Nothing beats a duck when you’re feeling down

BIRDS OF A FEATHER

Nothing beats a duck when you’re feeling down

The staff down at the pub, says TINUS HORN, are always patient and friendly, if you tip them properly. But when it comes to understanding your suffering, there's something even better than a bartender.

Image: TINUS HORN

I'M off the sauce, and that's a problem. Or was. It was a problem.

Writing this column requires that I stay informed about current affairs.

I have been instructed to examine and analyse events from a neutral perspective, and to shield readers from unreliable news sources that spread misinformation; those that run around telling us humanity is a plague and that without it Earth would be a paradise. Unless of course you were a zebra or something, in an open field surrounded by lions.

It's not easy to write something cheerful about Joe Biden sending enough ammunition to Ukraine to … whatever, read all about it elsewhere, and weep, weep, weep.

In better days, I would go to Tipples in Hermanus to find out what was going on in the outside world. Barflies, of course, never have anything remotely interesting to say. We already know their barren, loveless, senseless existence is someone else's fault.

So, what was I doing there? Well, I've found that if you stare into the distance long enough, around midnight, when only the diehards remain, someone will eventually ask what's bothering you.

And that someone will be on the other side of the counter. Bartenders live by that Bible verse about love that my mother put on our fridge when I was growing up. They are patient and kind, otherwise no one would tip them properly; they don't revel in injustice, unless it's a flippin' cool story they can retell another day.

Consequently, I can share with them all my dark secrets about the adversity that has befallen me over the years, and in which my own reckless actions played no part, and we can share a deep sigh of mutual understanding. And, provided I tip them generously, next week they will again ask what's bothering me.

But there is something tragic about someone who would hug a Coke Zero all evening while waiting for his turn to confess to the counsellor.

So, yes. Those days are over.

But just when I thought, okay, now I'm screwed in the life-wisdom department, something happens.

I had to go to Cape Town a few Sundays ago (don't ask). As I was leaving my apartment block through the automatic gate at 7.30am, there was a roadblock: a flustered-looking duck that wouldn't be bothered by me honking the horn. Unlike Lynette from number 28 on the first floor, who always has a lot to say about honking.

The duck, Jock, was known to me. He and his partner, Gina — I don't know if they were married or just slept together, and I didn't want to ask either — had moved into a ditch across the road where the municipality had to stop doing whatever it was doing because of the recent heavy rains.

There they had more than enough fresh water and, on the face of it, it was an excellent place to scrub a nest and raise their young. But then the rain stopped, and the bulldozers returned. I preferred not to think about Jock and Gina's fate.

But there he stood, old Jock, looking bewildered, as one could understand under the circumstances.
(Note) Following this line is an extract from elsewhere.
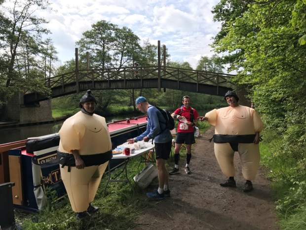 At the crossing of the River Wey just outside Guildford was the Bacon Barge, two guys who voluntarily set up an unofficial ‘bacon’ aid station every year, this year dressed as sumo wrestlers. A little bit of online banter pre-race hadn’t resulted in any facon for us vegetarians but there were some very welcome potato wedges & a lifting of spirits as we all smiled & laughed as we ran through.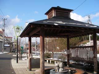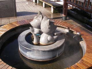 野天風呂湯元龍泉に入った後、村上駅行きのバスの時間まで少し時間があるので、近くにある足湯にい行ってみると、円形の足湯の中央に瀬波温泉のマスコットがあり、石油の採掘時に温泉が湧き出したとのことで、新津温泉ほどではありませんがアブラ臭のする源泉は石油と関係していたのに納得し、バスに乗って村上駅に戻りました。

I had to get out of the car. Jock knew well enough that humans cannot be trusted and scurried away before hopping onto the pavement. But something about old Jock didn't seem quite right. Not only mentally, but also in a physical way. Maybe.

Fortunately, I know Lucy from the vet's, the self-proclaimed Bird Nerd who knows everything about ducks.

I needn't have worried, Lucy explained. She told me how, early each morning, Dave the caretaker would scatter food for the ducks on the lawn. You have to scatter it, because ducks like pretending they are competent enough to find their own food.

Yes, they had to move away, but Jock still swooped in for breakfast every morning. And Gina? Lucy explained that female ducks quickly find a new partner if the male is foolish enough to build a nest in a silly place.

I spoke to Dave, who said it's fine, I can feed Jock on Sunday mornings when he usually sleeps in for a bit. He even poured some duck meals into a Tupperware bowl for me.

Thus, a close bond was formed. We needed no words to agree that Jock was not going to put all the blame for the broken relationship on his former companion, and likewise that if I couldn't say anything good about America, I would keep my mouth shut.

I also learned a trick in the process. Instead of scattering all of Jock's food on the grass at once, I do it a little at a time, and at intervals. That way, I make sure he stays for longer.

Jock and I were there again last Sunday when Lizahn from the corner shop walked over on her second smoke break of the day. I wasn't going to tell on her because she is entitled to it — she only takes 20 minutes for lunch, she once told me.

“Are you two actually still here? What are you doing?”

“Ag,” I said. “Nothing really. Just sitting here, talking quack.”